In particular, efforts have been made to apply zinc oxide to nanostructures of several hundreds to hundreds of nm to have various physical and chemical characteristics not found in conventional bulk materials.

Typically, an effective method for forming zinc oxide nanostructures of nano-gap and size on heterogeneous substrates is to form a seed layer, and thereon hydrothermal synthesis, atomic layer deposition, using means such as nano patterning or template thereon. The periodic zinc oxide nanostructures are formed using molecular beam deposition and organometallic deposition.

Regarding the technology for forming nanostructures in such a manner, a number of applications and publications other than Korean Patent Publication No. 10-2009-0027026 (hereinafter referred to as "prior document") are disclosed.

The manufacturing method according to the prior art includes the steps of providing a substrate, providing one or more crystals comprising a plurality of mutually angular sides over the substrate, and in a direction substantially perpendicular to the plate surface of the substrate over the crystals. Providing one or more stretched nanorods; It is made, including.

However, the same method as in the prior document has a problem that the seed layer continues to remain in addition to the portion where the zinc oxide (ZnO) nanostructure is formed on the substrate, and it is not easy to remove it.

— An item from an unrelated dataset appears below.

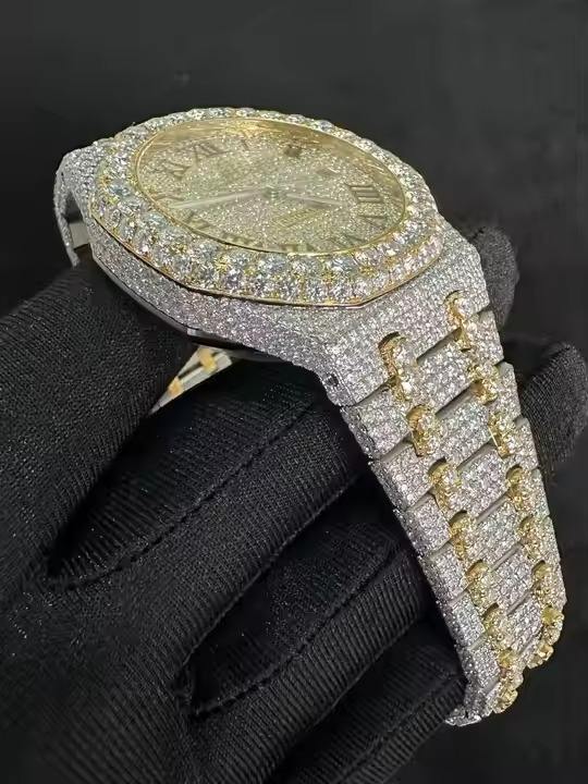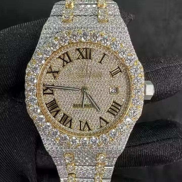 New Arrival Premium Quality Fully Iced Two-Tone Moissanite Diamond Watch Elegant Roman Dial Stainless Steel High Quality

SUMMARY OF THE INVENTION The present invention has been made in view of the above problems, and forms a seed required for forming a nanostructure by hydrothermal synthesis on a heterogeneous substrate periodically, and uses a formed seed to form a periodic arrangement. Eggplant has an object to provide a method for producing a zinc oxide (ZnO) nanostructure.

The present invention for achieving the technical problem relates to a first method of manufacturing a zinc oxide nanostructure, (a) coating a photoresist (Photo Resist: PR) on a substrate; (b) exposing and developing the photoresist to have a periodic nanopattern; (c) performing a lift-off process to have a periodic nano distribution of zinc (Zn); (d) heat treating the zinc (Zn) in an oxygen or air atmosphere to form zinc oxide (ZnO); And (e) growing zinc oxide (ZnO) nanostructures by using zinc oxide (ZnO) formed periodically as seeds. .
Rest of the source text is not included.